Saturday, June 20, 2009 @12:52 AM
Wow... I never really thought about the bigger picture before. But piece by piece, i'm looking further and away from just me, and viewing all the possibilities. And just out of curiosity, I did a bit of research on a famous person because, well, they're the easiest to find a biography on :P
So, for Nicole Kidman:
"[on
Birth (2004)] This is a film about love. What is a great love? Is there a love of our life? Do you ever recover from the loss of somebody that was so important to you?
Stanley Kubrick taught me to believe in myself artistically. I spent my 20s raising my children, and wanting to, and being married. That was my driving force. And then he said to me, "No, you have to respect your talent, and give it some space, and give it some time." Which was a lovely thing to be given. And my children were a little older then.
It was by chance that
The Hours (2002) came along. Was I in a place where I could say, "I'm going to go to England and make this?" Yes. Could I do that earlier, when I was married? No, I couldn't travel like that. We had a thing where we couldn't be separated for more than two weeks. So that made a lot of work just not possible. Which was fine by me.
I have moments where I've said, "Don't tread on that crack in the pavement, don't have a black cat walk in front of you." Deep down am I superstitious? No. Do I believe in trying to be as kind as possible and as compassionate as possible because ultimately you're alone with yourself and your own conscience, and you want that to be as clear as possible? That's not superstition. You have to just try and stay pure and know what you value.
Usually, a young actress can't deliver because she doesn't have the emotional baggage, really, to play those things. That's something that's very beautiful about becoming a woman, and becoming a woman in your 30s. If you've lived your life, and lived it where you've said, "I want to be a participator and not a voyeur", then you have an enormous amount to pull on.
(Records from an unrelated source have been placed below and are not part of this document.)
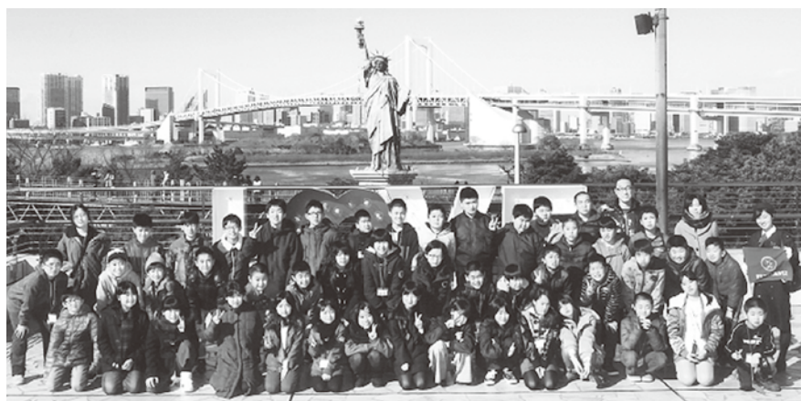
▲お台場の自由の女神像の前で記念撮影

また、この定期積金を利用した「ちびっ子体験旅行」は平成32年1月にも計画をしております。今年の秋頃に積立のご案内を致しますので、ぜひたくさんさんの参加をお待ちしております。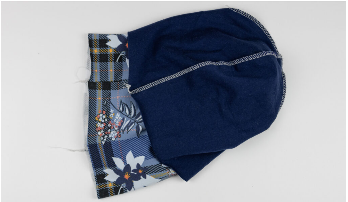
Wendebeanie nähen – Schritt 8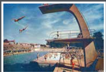
5Fi190 Le plongeur du bassin d'été. De 1950 à 1991, les plongeurs s'élançaient au-dessus des nageurs, face aux gradins (SD).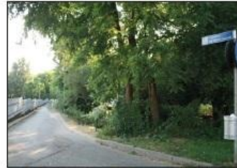
7 CICLOPEDONALE MULINI ASCIUTTI

SAN GIORGIO AL LAMBRO Monza Royal Park Entrance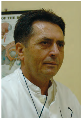
Piše: Dr. Franjo P. Petreš, neuropshijatar

P od riječju glavobolja opisuje se gotovo svaka vrsta bola koju osjećamo u glavi. Najčešće bol je lokaliziran u predjelu sljepoočnice i čela, mada nije rijetkost pojava bola u potiljačnom dijelu glave i u donjem dijelu lica.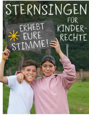
AKTION DREIKÖNIGSSINGEN 20 * C+M+B+25 www.sternsinger.de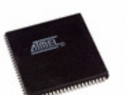
ATF1504ASL-25JI84 Microchip Technology IC CPLD 64MC 25NS 84PLCC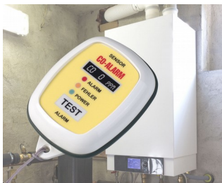
Appareil d'alarme de gaz CO

Saisie mobile et transfert de données Technologie intelligente IoT/ IIoT Appareils de suivi et de contrôle Systèmes d'appel d'urgence et d'information ainsi que pour les capteurs de biofeedback (de rétrocontrôle) dans les domaines de la santé, de la technique médicale, thérapeutiques et sociaux Loisirs et du sport Technique de communication numérique Logistique d'entrepôts et de distribution Technique de sécurité Mesure et de régulation Domaine de l'automatisation Postes de travail qui requièrent une localisation permanente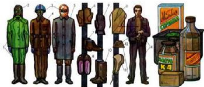
Ма.т. 204. Засоби захисту шкіри

3. Після того, яко пройде ударна хвиля, негайно надіти протигаз чи респіратор, чи хочаб якимось іншим чином захистити дихальні шляхи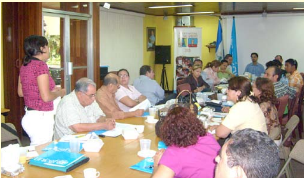
Desayuno con periodistas.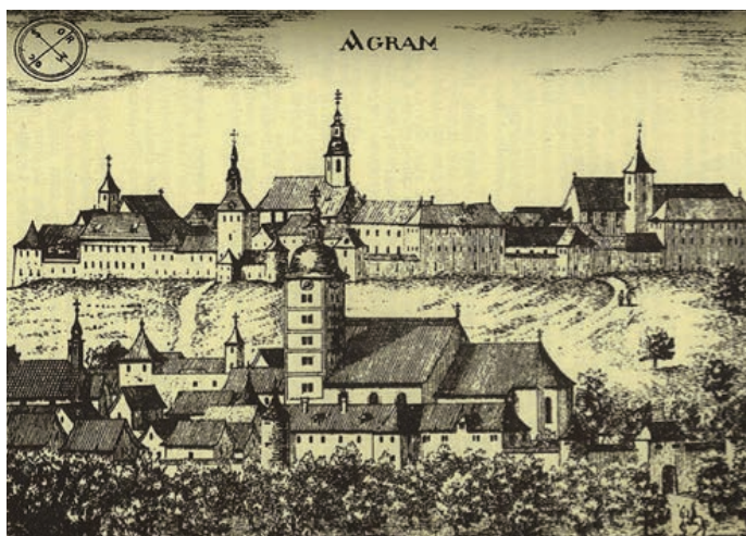
Zagrebački Gradec i Kaptol oko 1689., grafika iz Valvasorova djela Die Ehre des Herzogthums Krain .

Prvi veliki požar u 17. stoljeću izbio je 1624. godine. Naime, te je godine vladala velika suša, ali je uslijed jedne pokorničke procesije kojom se molilo za kišu, došlo do nevremena. Grom je udario u krov katedrale, nakon čega se razbuktao veliki požar zahvativši cijelu katedralu, susjedni biskupski dvor te čitav Kaptol (Povijest grada Zagreba, 2012: 184). Još jedan od većih požara, kojeg je izazvala neopreznost pijanog učenika na Markovu trgu, izbio je u ožujku 1645. godine. Zbog vjetrova se vatra vrlo brzo proširila na drveni krov crkve sv. Marka, a ubrzo je zahvatila čitav Gradec. Sve drvene kuće su izgorjele, kao i cijeli isusovački kompleks (gimnazija, samostan, sjemenište sv. Josipa i crkva sv. Katarine). Požar se proširio preko potoka Medveščak na obližnji Kaptol te je i tamo prouzročio golemu štetu. Izgorjele su sve kanoničke kurije,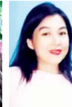
သွင်ပပအောင်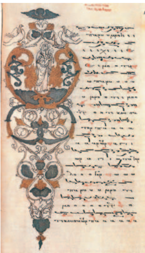
Εικ. 36 η : Μουσικό χειρόγραφο με «Οίκους της Θεοτόκου» από τη Μονή Βατοπαιδίου, Άγιον Όρος.

Εσπερινός: ακολουθία αγάπης και ευχαριστίας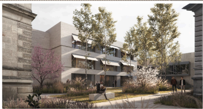
Neubau eines Servicegebäudes für die Herzog August Bibliothek in Wolfenbüttel 2021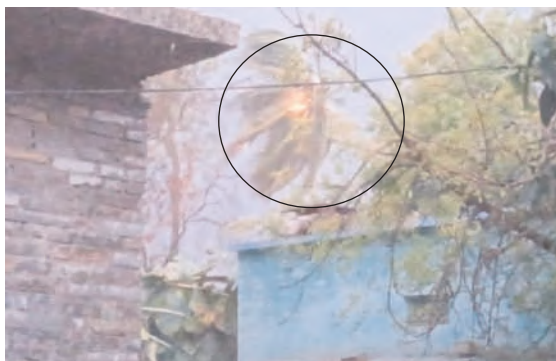
ముచ్చుమర్తిలో పిడుగు పడి కాలిపోతున్న కొబ్బరిచెట్టు

కర్నూలు, మేజర్ న్యూస్ : ద్రోని ప్రభావం కారణంగా జిల్లాలో పలు చోట్ల వర్షాలు కురిసాయి. మరో మూడు రోజులు ఈ వాతావరణం కొనసాగుతుందిని వాతావరణ శాఖ తెలిపింది. కర్నూలు నగరంలో మంగళవారం సాయంత్రం వడ గాండ వాన కురిసింది. నగరంలో ఒక్కసారిగా వాతావరణం చల్లబడింది. నందికొట్కూరు నియోజకవర్గ పరిధిలోని ముచ్చుమర్తిలో కొబ్బరి చెట్టుపై పిడుగు పడి కాలిపోయిన దృశ్యాలను కొందరు కెమెరాల్లో బంధించారు.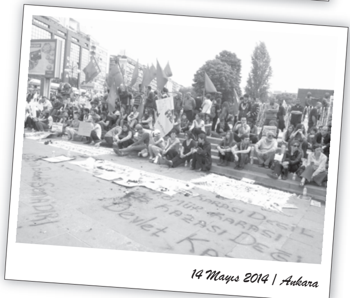
14 Mayıs 2014 | Ankara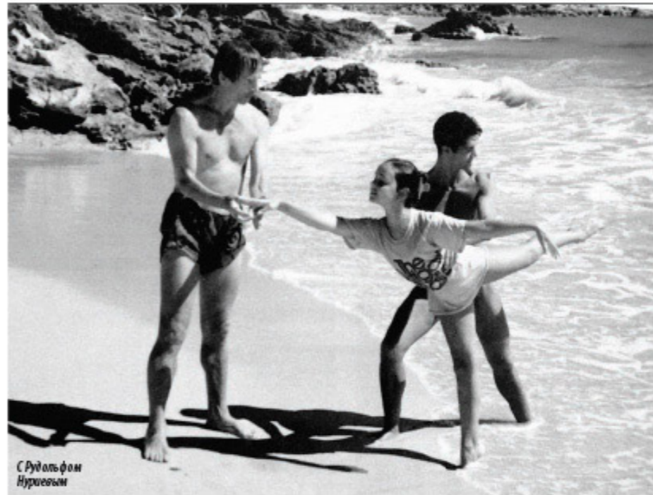
С Рудольфом Нуриевым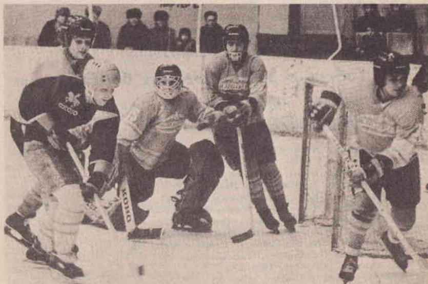
СК имени Салавата Юлаева — «Ижорец» (Ленинград) — 6:3. Ленинградцы обороняются.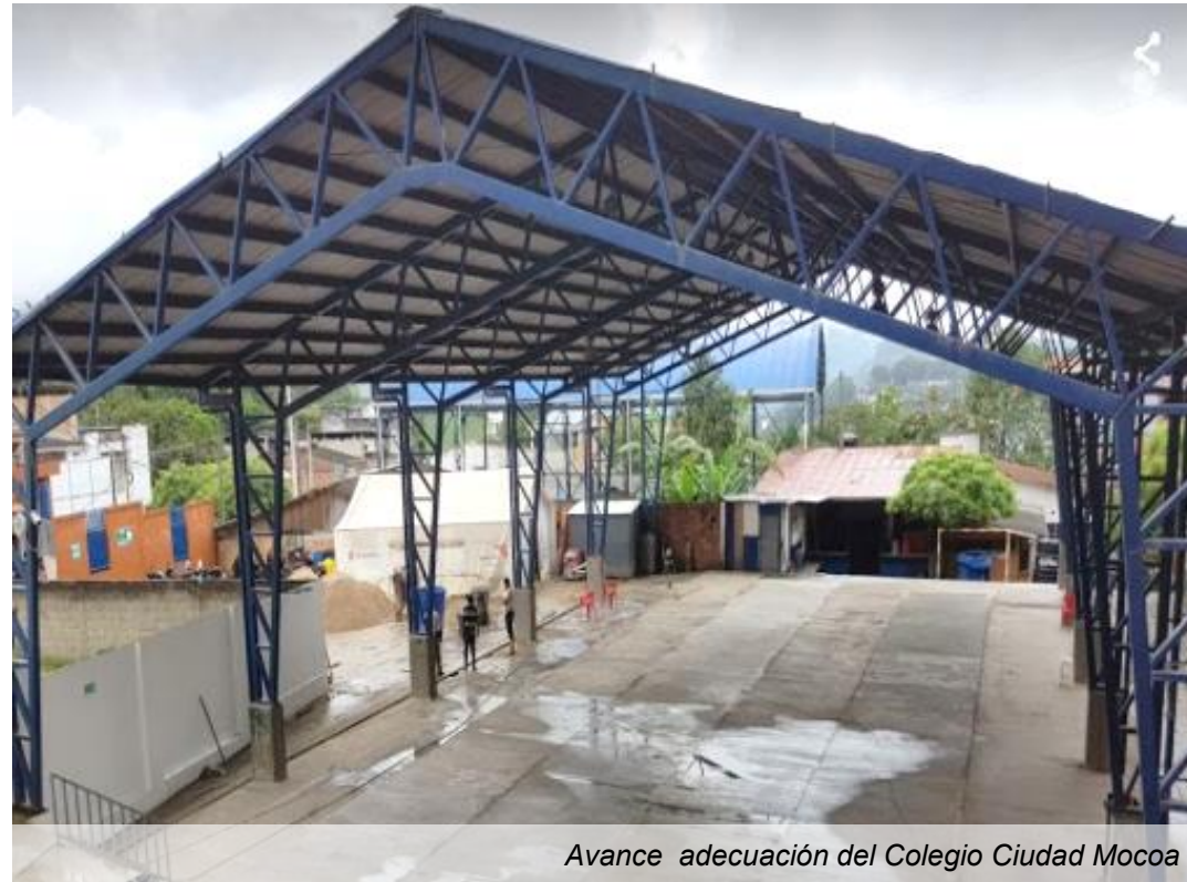
Avance adecuación del Colegio Ciudad Mocoa

I'm still just finding my way through. I don't actually see a path in front of me. I can see not ever doing it again, and I can also see other things pulling me away from this. It's strange, because I know it's in my blood in terms of having to somehow act or express myself creatively, but I'm willing to do it different ways if need be. And I think that's partly because when I went through my divorce I dealt with the idea of never ever working again, and never being here and never able to be an actress, and went through an enormous amount of soul searching, and at that time, I was very ready to give it all up, and dealt with that emotionally. I was going, "Well, I'll never be able to do this again." And that was OK. And, strangely, as life is so strange, that was when everything exploded.
I never feel like I'm in control. There's a certain type of actor that relinquishes control when they act, and then there's another type who ends up being a producer and director and they're more someone that likes to take control. I fall in the first category, where I like to relinquish control, and fit into somebody else's world. And that's just lately, but you never feel like you are making choices. You feel like they're finding you in a strange way. That's why when people say, "What role do you want to play next?", I say, "I don't know". I never know. It's about responding to things rather than planning.
I think someone said my career defies all logic [laughs]. Because I choose the sort of strange little films, and somehow they're the things that make my career.
So if you talk about a box-office career, then I'm a disaster. But somehow, you know, I still manage to find my way to work.
I think actors are getting so much more power these days, but I'm not. I stay very much away from the decisions, the way in which things are orchestrated, what's been changed. I just try to stay completely in the role as the actor and as the character.
I'm at a time of my life now where, for me to want to go back and work, it'd have to be something that I really feel passionately about.
Regrets are ridiculous, so I don't regret, no."
And:
"[speaking of her father Antony Kidman] He's a great father, I can call him at three in the morning and he's there for me.
By the time I was a teenager, I had developed skills as a writer, and my father encouraged me to think about a career in journalism. I began keeping a diary, which I maintain to this day. I used to fill whole notebooks with my writings.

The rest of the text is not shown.